▶ **EXERCISE INSTRUCTIONS**
From the line with "شارژی قدرت پرتاب" through the line with "Crisp white denim", repeat the entries verbatim, both end lines included, and add nothing.

▶ **EXTRACTED ENTRIES**
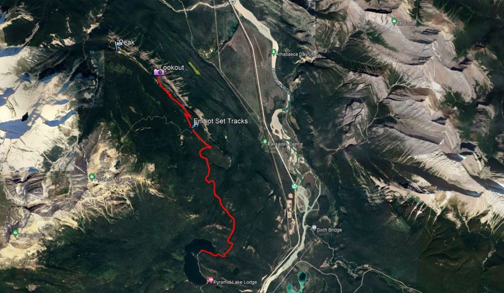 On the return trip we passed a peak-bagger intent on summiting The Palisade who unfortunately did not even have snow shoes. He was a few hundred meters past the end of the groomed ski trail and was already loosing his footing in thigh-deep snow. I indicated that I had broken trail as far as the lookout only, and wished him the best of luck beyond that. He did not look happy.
* * *
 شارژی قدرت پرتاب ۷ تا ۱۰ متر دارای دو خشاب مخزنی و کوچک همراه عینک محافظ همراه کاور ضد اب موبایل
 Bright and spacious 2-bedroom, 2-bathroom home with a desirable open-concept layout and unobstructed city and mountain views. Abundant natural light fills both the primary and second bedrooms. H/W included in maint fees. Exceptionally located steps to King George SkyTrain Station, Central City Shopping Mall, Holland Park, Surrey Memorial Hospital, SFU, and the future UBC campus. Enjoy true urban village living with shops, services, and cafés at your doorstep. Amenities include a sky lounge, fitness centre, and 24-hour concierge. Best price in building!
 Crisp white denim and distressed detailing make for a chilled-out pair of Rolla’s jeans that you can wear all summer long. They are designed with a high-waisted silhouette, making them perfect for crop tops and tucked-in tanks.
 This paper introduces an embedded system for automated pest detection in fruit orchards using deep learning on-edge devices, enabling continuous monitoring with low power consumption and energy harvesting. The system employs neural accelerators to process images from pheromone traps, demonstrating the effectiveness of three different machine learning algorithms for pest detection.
---
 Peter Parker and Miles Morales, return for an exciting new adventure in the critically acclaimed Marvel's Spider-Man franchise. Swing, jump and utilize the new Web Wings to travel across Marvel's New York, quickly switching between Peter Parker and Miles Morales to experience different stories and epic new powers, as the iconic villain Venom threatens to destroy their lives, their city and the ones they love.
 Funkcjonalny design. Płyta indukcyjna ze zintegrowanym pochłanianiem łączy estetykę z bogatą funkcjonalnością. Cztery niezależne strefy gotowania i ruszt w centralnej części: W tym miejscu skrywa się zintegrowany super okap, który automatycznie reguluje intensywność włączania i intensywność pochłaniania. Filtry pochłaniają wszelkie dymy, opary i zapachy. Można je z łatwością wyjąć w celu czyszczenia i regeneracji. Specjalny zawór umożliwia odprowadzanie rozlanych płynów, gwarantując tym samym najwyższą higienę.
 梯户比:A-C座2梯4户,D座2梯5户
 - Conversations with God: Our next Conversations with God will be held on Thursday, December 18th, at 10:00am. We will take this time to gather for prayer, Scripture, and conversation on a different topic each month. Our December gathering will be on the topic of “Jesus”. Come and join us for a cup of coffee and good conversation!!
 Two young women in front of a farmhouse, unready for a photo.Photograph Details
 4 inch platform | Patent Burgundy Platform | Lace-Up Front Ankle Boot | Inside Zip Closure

▶ **RESPONSE**
 شارژی قدرت پرتاب ۷ تا ۱۰ متر دارای دو خشاب مخزنی و کوچک همراه عینک محافظ همراه کاور ضد اب موبایل
 Bright and spacious 2-bedroom, 2-bathroom home with a desirable open-concept layout and unobstructed city and mountain views. Abundant natural light fills both the primary and second bedrooms. H/W included in maint fees. Exceptionally located steps to King George SkyTrain Station, Central City Shopping Mall, Holland Park, Surrey Memorial Hospital, SFU, and the future UBC campus. Enjoy true urban village living with shops, services, and cafés at your doorstep. Amenities include a sky lounge, fitness centre, and 24-hour concierge. Best price in building!
 Crisp white denim and distressed detailing make for a chilled-out pair of Rolla’s jeans that you can wear all summer long. They are designed with a high-waisted silhouette, making them perfect for crop tops and tucked-in tanks.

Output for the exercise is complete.